De Delacroix à Kandinsky. L'Orientalisme en Europe è il titolo della mostra attualmente esposta a Bruxelles ( Musées royaux des Beaux-Arts de Belgique, fino al 9 gennaio 2011). Una mostra ambiziosa non solo per le dimensioni (più di 150 le opere esposte, dalla celebre La Petite Baigneuse di Ingres ad alcune interessanti tele del meno noto Jaroslav Cermak, passando per l'italiano Fabio Fabbi) ma soprattutto per il tentativo dichiarato di fare consapevolmente i conti con le implicazioni politiche di quello che oggi, sulla scorta degli scritti di Edward Said, definiamo orientalismo. L'impressione (a caldo) è che quest'ultimo nodo non sia stato pienamente sciolto, nonostante la presenza - all'inizio del percorso espositivo - di alcuni schermi che trasmettono a ciclo continuo una serie di "testimonianze". Un pannello esplicativo dei/delle curatori/curatrici della mostra spiega il senso dell'istallazione: "L'esposizione mette in scena una visione del Vicino e Medio Oriente che, a nostro avviso, necessitava di una attualizzazione, frutto non più di uno sguardo europeo e colonialista ma di una società oramai diversificata sul piano culturale" (traduzione nostra). L'accento posto sulle "culture" è accentuato dall'atmosfera decisamente "esotizzante" che si respira nella sala pre-mostra - un'esposizione di oggettistica varia in vendita (dai Cd musicali, ai saponi ed essenze, per finire ai bigliettini di Natale con motivi orientaleggianti ...
3 commenti:
Abito in un paese che ha una frazione nel suo intero comune. Fra frazione e paese, per il fatto stesso che ci sono due chiese e due campanili, si respira da sempre un certo razzismo o almeno un sano campanilismo. Fra i due agglomerati di case, passa un tranquillo canale di pianura. A ben pensarci, qui, tutti i paesi hanno almeno una frazione, è una questione di prestigio coloniale. Se hai una frazione hai un impero, se non hai nemmeno una frazione non ti spettano nemmeno i cartelli con le scritte bianche a fondo blu ai bivi delle strade di frontiera (quelle tra un paese e quello immediatamente confinante intendo). Più ci penso e più mi rendo conto che un canale o un fosso c'è sempre di mezzo.
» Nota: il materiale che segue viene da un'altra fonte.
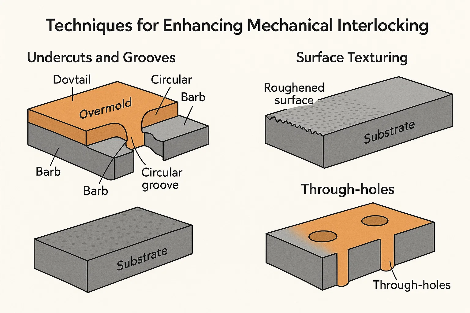 Undergrav, riller og huller: Som diskuteret i mekanisk sammenlåsning er det afgørende for at skabe fysiske ankre for det overmoldede materiale at inkorporere disse funktioner i substratdesignet. Disse funktioner skal være designet med passende trækvinkler for at muliggøre let at afholdes uden at beskadige den overmålte del.

Non lasciamoci dividere da un fosso, che ci sarà mai di male nel farci sopra un ponte? Tutti hanno un ponte che unisce paese e frazione.
A ben pensarci, noi del paese chiamiamo il ponte seguito dal nome della frazione, quelli della frazione chiamano il ponte seguito dal nome del paese.
Ora mi chiedo se noi parliamo di orientalismo gli orientali guarderanno a noi come degli occidentali con dell'occidentalismo? e l'Africa guarderà a noi come pregni di un certo artidismo e gli inglesi a noi come essenzialmente antartidisti?
per farla breve, posso garantirvi che nel mio piccolo, spesso a casa "mia" mi sento uno straniero, e senza saperlo sono passato incoscientemente (senza prenderne coscienza) da "è questa l'ora di tornare?" a "ma perché non te ne vai a casa tua?".
Non so mai se sentirmi uno sfruttato o un temibile migrante che tende a marcare nuovo territorio.
Tento di rispondere ai commenti anche se non sono certa di aver ben compreso. I ponti si devono attraversare certo, ma possono essere attraversati in tante maniere diverse. E non tutte queste maniere sono "giuste". Quello che definiamo "orientalismo" (e critichiamo) non sono certo tutte le maniere in cui l'Occidente si è rapportato al cosiddetto "oriente", ma solo quelle che hanno derminato un'oggettivazione dell'altro/a, una sua chiusura in forme essenzializzate, esotizzate e infine anche razzializzate.
In quanto al secondo commento temo veramente di non capire, mi scuso.